Disclosure of Invention
The invention aims to: the invention aims to solve the problems and the defects existing in the prior art and provide a device and a method for electrolytic catalytic oxidation treatment of high-salt wastewater organic matters.
The technical scheme is as follows: in order to solve the technical problems, the invention adopts the following technical scheme: a method for treating organic matter in high-salt wastewater by electrolytic catalysis coupling advanced oxidation comprises the following steps:
step 1: removing oil and filtering industrial wastewater through a coarse filter to remove suspended matters and colloid substances in the wastewater;
step 2: feeding the industrial wastewater after coarse filtration into a tubular reactor, wherein a catalyst filler is arranged in the tubular reactor, applying 5-24V voltage between a tube body and a negative electrode under the condition of introducing hydrogen peroxide and ozone to perform electrolytic catalytic oxidation, and detecting the COD content of the wastewater at an outlet end through a sampling port to reach a preset index to perform water discharge;
step 3: delivering the wastewater subjected to electrolytic catalytic oxidation into a crystallization evaporator for evaporation, concentration and crystallization, centrifuging, drying and recycling the concentrated crystal to obtain industrial salt; the gas phase of the crystallization evaporator is condensed and then sent into a biochemical device for biochemical treatment, and is discharged or recycled after meeting the discharge standard.
Preferably, the catalyst filler is an active component which takes silica gel as a carrier and loads metal palladium, iron or silver.
Preferably, the active component in the catalyst is metallic palladium or/and iron oxide.
Preferably, the loading of the metallic palladium or/and iron oxide is 10-20%.
Preferably, the preparation method of the catalyst comprises the following steps:
firstly, preparing a sodium silicate solution with the mass concentration of 20%, and regulating the PH value to be between 12 and 13 by sodium hydroxide to form a weighing solution; in addition, palladium chloride is dissolved in 20-30% of dilute hydrochloric acid to obtain palladium chloride solution, then the palladium chloride solution is slowly added into sodium silicate solution under stirring to carry out mixing reaction, and a precipitate co-doped with silica gel and palladium hydroxide is obtained, wherein in the process, the mass ratio of sodium silicate to metal palladium is 10:2-2.5.

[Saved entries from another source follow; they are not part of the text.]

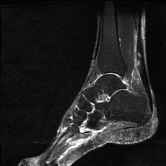 In Abhängigkeit des gesamten klinischen Bildes und der Vorgeschichte kann ein MRT z.B. zum Ausschluss einer Stressfraktur oder Ruptur der Plantarfaszie erforderlich werden. Es hat sich bewährt, in Fällen eines mehrmonatigen Krankheitsverlaufes und sonographisch verdickter Plantarfaszie >8mm (Normwert <4mm) vor Therapiebeginn ein MRT zum Ausschluss von Teilrupturen durchzuführen. Obwohl auch in diesen Fällen eine Stoßwellentherapie erfolgen kann, ist eine derartige Information aus juristischen Gründen von Bedeutung.
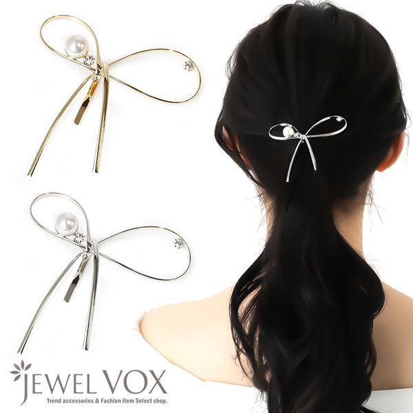 ポニーフック ヘアカフ ヘアアクセ レディース 立体 メタル パール リボン ストーン まとめ髪 ポニーテール ゴールド シルバー シンプル デイリー 結婚式 パーティー 二次会 大人 上品 30代 40代 50代 ブランド ジュエルボックス jewelvox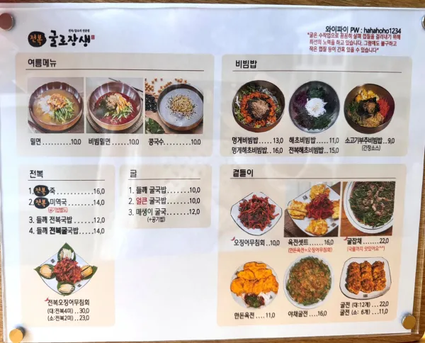 - 굴국밥류 : 10,000원~12,000원 (들깨/얼큰/매생이 선택 가능)

Then adjusting the pH value to be in the range of 6-8, continuously maintaining the aging reaction for at least more than 2 hours, filtering and separating the aged precipitate, and drying at 50-60 ℃ to obtain the organic palladium catalyst;
then, mixing an organic palladium catalyst and a methyl cellulose adhesive according to the mass ratio of 1:0.1-0.2, forming a honeycomb structure green body under the action of a die, and drying more than 24 to reduce the content of liquid phase components of the green body, so as to avoid the influence of uneven overburning of a filler body on catalytic activity during high-temperature roasting;
finally, the green body is placed at 400-600 ℃ for roasting for 0.5-2 hours, and the catalyst honeycomb filler body with high specific surface area is obtained.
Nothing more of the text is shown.